Colombia Reacts to First-Round Election Result as 'El Tigre' Win Draws International Comparisons
TL;DR
Abelardo de la Espriella, a criminal defense lawyer known as "El Tigre," won 43.7% in Colombia's May 31 first-round presidential vote, outpacing leftist Iván Cepeda's 40.9% and forcing a June 21 runoff. His Bukele-inspired platform of mega-prisons and military offensives reflects a security-first backlash against Gustavo Petro's failed "Total Peace" policy, but raises pointed questions about whether Colombia's constitutional guardrails can withstand the authoritarian playbook that has already eroded civil liberties in El Salvador.

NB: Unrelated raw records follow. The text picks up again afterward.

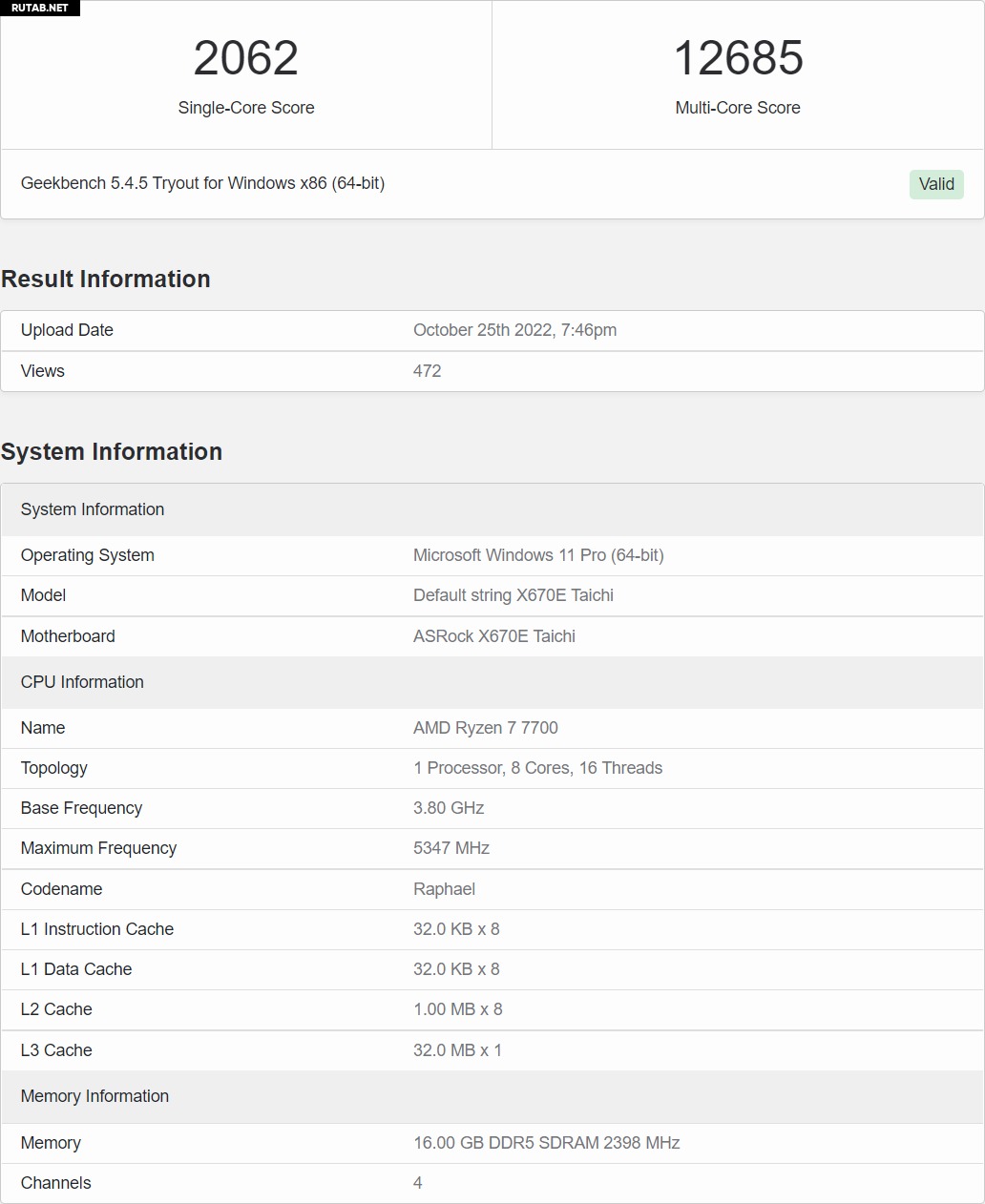 AMD Ryzen 7 7700 набирает 2062 балла в одноядерных и 12685 баллов в многоядерных тестах и получает минимальное улучшение в одноядерных тестах с разгоном, но многопоточный прирост производительности составляет 5 процентов. Наконец, у нас есть Ryzen 5 7600, который набирает 2012 баллов в одноядерных тестах и до 11326 баллов в многоядерных тестах.
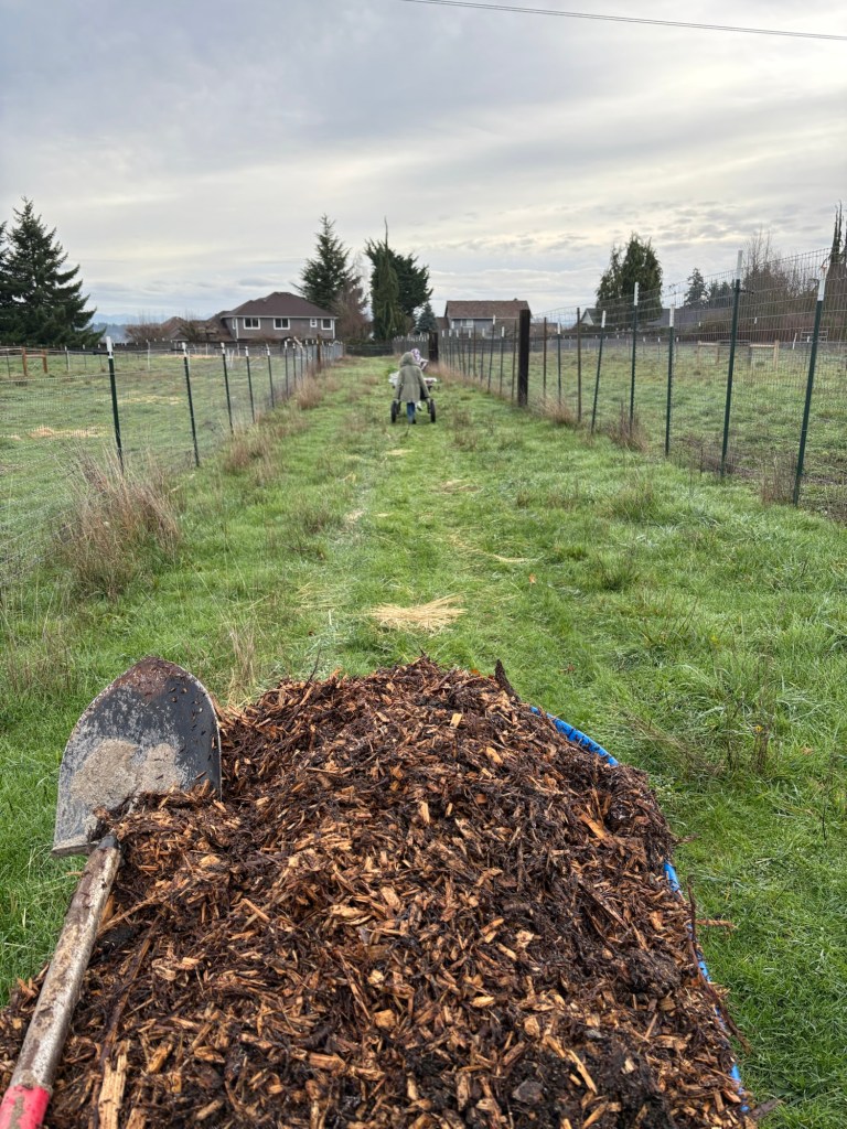 Evie and Ellie came out to the very back northeast corner of the pasture, in the laneway behind the food hedge where the great big pile of stones the previous owners left is there.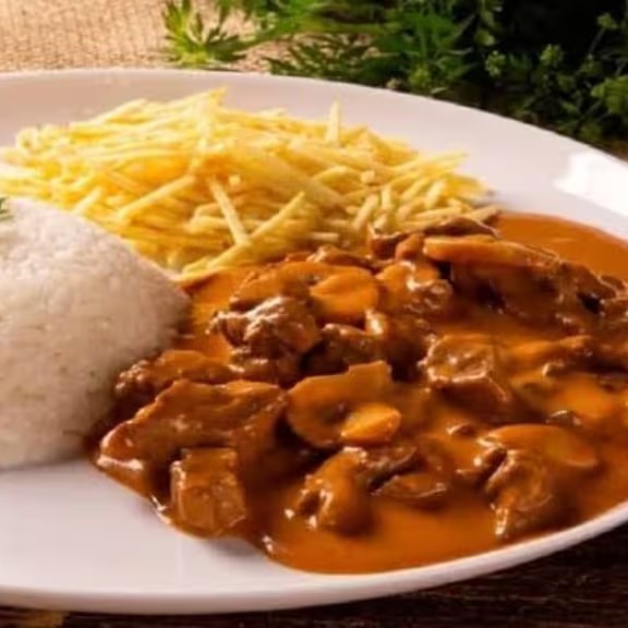 Delicioso strogonoff preparado com carne de primeira, cebola e cogumelos paris fritos na manteiga artesanal, ketchup, mostarda, pimenta do reino moída na hora e creme de leite. Para acompanhar, um arroz branco soltinho e batata palha.Nosso strogonoff é preparado na hora, seguimos um padrão de 100g da Proteína em cada prato, além dos molhos, cebola e cogumelo.

On May 31, 2026, Abelardo de la Espriella — a 47-year-old criminal defense lawyer from Montería who had never held elected office — topped Colombia's presidential first round with 43.7% of the vote . His closest rival, leftist senator Iván Cepeda, took 40.9%. Third-place finisher Paloma Valencia of the Democratic Centre party won 6.9%, and the remaining ten candidates split the rest . The two frontrunners now face a June 21 runoff that could redefine Colombia's security policy, its relationship with the United States, and its standing among Latin American democracies.
The Numbers in Context
De la Espriella's 43.7% first-round share is historically strong. In 2022, Gustavo Petro — who went on to win the presidency — took 40.3% in the first round, with runner-up Rodolfo Hernández at 28.1% . Voter turnout in 2026 reached approximately 58%, up from 54.9% in the 2022 first round, suggesting heightened public engagement rather than apathy .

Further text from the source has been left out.